KP – Do you prefer to adapt existing stories or produce original drama? What are the challenges of each?

SS – I like it all: the process of adapting from other sources, writing new versions of plays not written in English and generating my own original work. The adaptations are exercises in dramaturgy and form; a version of the story in dramatic language. And the original pieces synthesise all these things as well as exercising my imaginative response to my world.

KP – What differences have you observed about the UK and US theatre scenes, or indeed any other countries you’re particularly familiar with? 

SS – Money fundamentally defines all the differences. So, the US, where there is no subsidy, leaves theatres more dependent on small casts, simple sets, received conventions, stars and redemptive narratives. German theatre, with substantial subsidy and a history of artistic provocation, leans more into formal and intellectual expression and radicalism. British theatre sits somewhere between Berlin and Broadway.

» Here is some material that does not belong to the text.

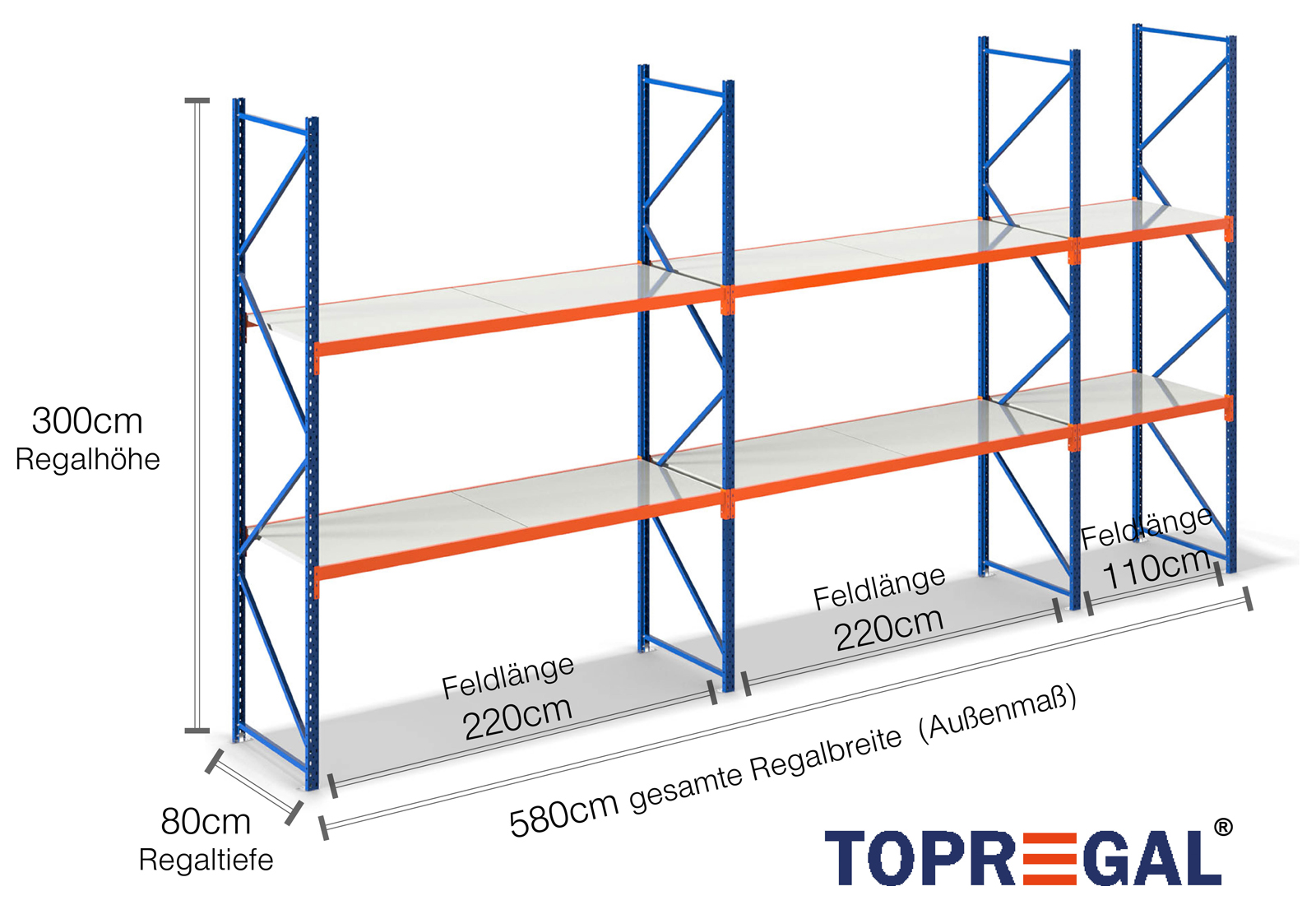 5,8 m storage rack LR2000 / 80 cm deep / 3 m high / 2 levels / rack layer Steel

I tailor my conversations to resonate with as much life as possible with the people I am speaking to, and I think of my audiences in the same way.

– Simon Stephens

KP – Should the intended audience change the way you write?

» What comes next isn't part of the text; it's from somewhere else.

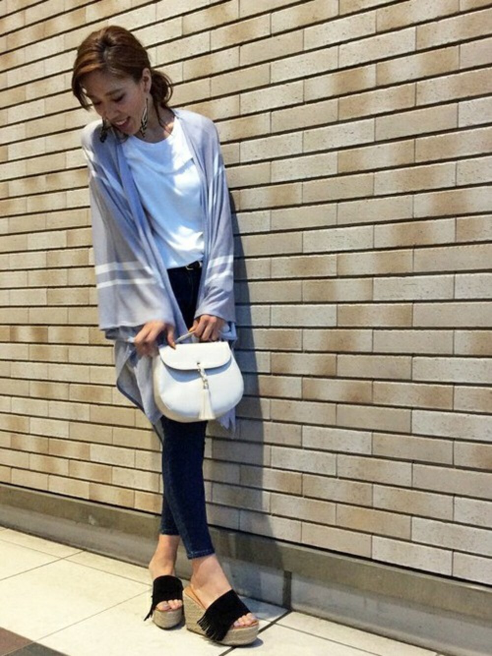 今年人気のオルテガカーデはフリンジのノースリTがセットなんです♡ 足元はTシャツに合わせてフリンジサンダルをチョイス\(^o^)/ きれいめにもカジュアルにも馴染みやすいのでおススメです!!
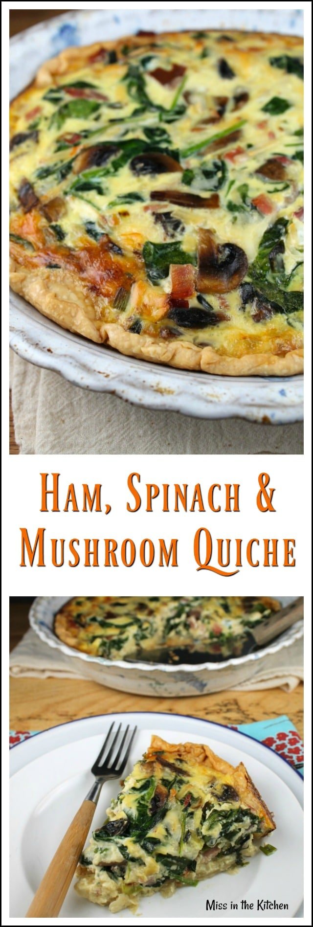 This Ham, Spinach & Mushroom Quiche can easily be adapted to your favorite flavors and what you have in your refrigerator and freezer. It is simple to make and I know it will be a huge hit at your next gathering.

SS – ‘Should’ is a dangerous word. But I always consider my audiences. I think of the plays as being a conversational gesture. I tailor my conversations to resonate with as much life as possible with the people I am speaking to, and I think of my audiences in the same way.

KP – What’s coming up next?

SS – I just opened Maria in Hamburg and Sea Wall (with Nick Pyne’s A Life) at the Public Theater, NYC. I am writing commissions for the Royal Exchange Manchester and the Atlantic Theater Company and Manhattan Theater Club both in NYC.

KP – Thank you, Simon.

Simon Stephens

 

Simon Stephens is a multi-award-winning playwright. His plays for theatre include Heisenberg, Birdland, Punk Rock, Pornography, and Bluebird; adaptations include Ibsen’s A Doll’s House and Chekhov’s The Cherry Orchard. Simon’s screenwriting includes an adaptation of Motortown for Film4 and the two-part serial Dive (with Dominic Savage) for Granada/BBC. His adaptation of The Curious Incident of the Dog in the Night-Time won seven Olivier Awards and five Tony Awards. Simon’s book A Working Diary is published by Methuen.